Should they still pay??

Discussion in 'Starting a Lawn Care Business' started by Ives Landscaping, Jul 20, 2011.

  1. Stillwater

    Stillwater LawnSite Platinum Member
    Posts: 4,800

    My personal opinion is most wall/failure/repair requirements and assessments can be made without lifting a shovel....
     
  2. vencops

    vencops LawnSite Bronze Member
    from NC
    Posts: 1,537

    Who's responsible for the integrity of the subgrade?

    That'll decide who's responsible for paying for the repair.

    One thing that I always did (writing construction subcontracts) is make each subcontractor accept the condition of the work he was placing his over/on, before beginning their scope. An example of this would be a painter accepting (or not) the GWB sub's walls....or, a flooring subcontractor accepting (or not) the flooring surface (i.e. concrete slab).

    A retaining wall is a structure, and it requires adequately compacted soils for its' foundation. So, did you compact the soil? Did someone else? In my state, a retaining wall (most times) requires a structural engineer's stamp. It's no small endeavor.

    Need more info.
     
  3. Ives Landscaping

    Ives Landscaping LawnSite Member
    Posts: 4




    All is good now!! They were just fussing more or less. And for the record.... I bid fixing the wall at $2200. When all said and done the bill would have been $3375. I lost out over a thousand on it. But I sent them a bill for the origional bid.
     
  4. MarkintheGarden

    MarkintheGarden LawnSite Bronze Member
    Posts: 1,067

    Next time get the potential for extra work due to unforeseen situation down in writing.

    All estimates should be written up as an estimate, within twenty percent of amount estimated, that would have got you $440.00 more dollars. If you are giving an exact price call it a quote, and the invoice will be exact to the quote.

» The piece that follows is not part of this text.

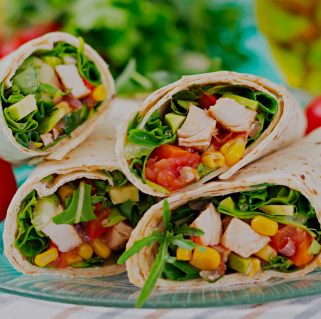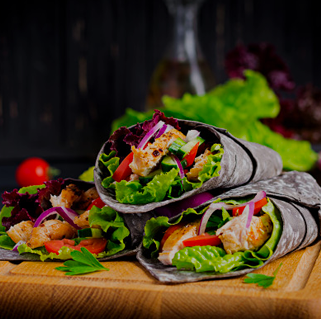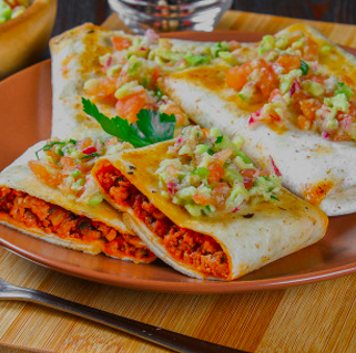 One warm flour tortilla chicken (cooked tomatoes, onions and peppers), or beef (cooked with onion and tomato) topped with burrito sauce, lettuce, tomato, shredded cheese & sour cream.

    It was a hard lesson, but they always pay off down the long road.

    Best luck!
     
  5. AGLandscape

    AGLandscape LawnSite Member
    Posts: 3

    Why did you need a tractor to do a retaining wall repair??
    I see that you got everything sorted out, but if you knew the wall would fall, wouldn't it have been professional courtisy to refuse the job based on the fact that you knew it was structurally unsound? Even if your client insisted, who's the professional here? Do they do landscaping? Probably not if they had you come do it for them. When you gave the client a bid for the job, did you include the 'what if' factor? Since you explained that you knew the wall wasn't up to parr, didn't you include the possibility of the costs to repair the wall? I'm not judging you or your business smarts, and I see that you have been in business for a while, but this looks like a rookie mistake.
    Back on subject, I don't think the client should have to pay you extra on top of the first origional bid because, though it was an accident, it was carelessness on your part. the wall wasn't sturdy and you insisted to the client that the wall was not sturdy, but did the work anyways. Looks to me like you set yourself up for the extra expenses.
     
  6. AGLandscape

    AGLandscape LawnSite Member
    Posts: 3

    Please disregard the above post, he doesn't know what he's talking about.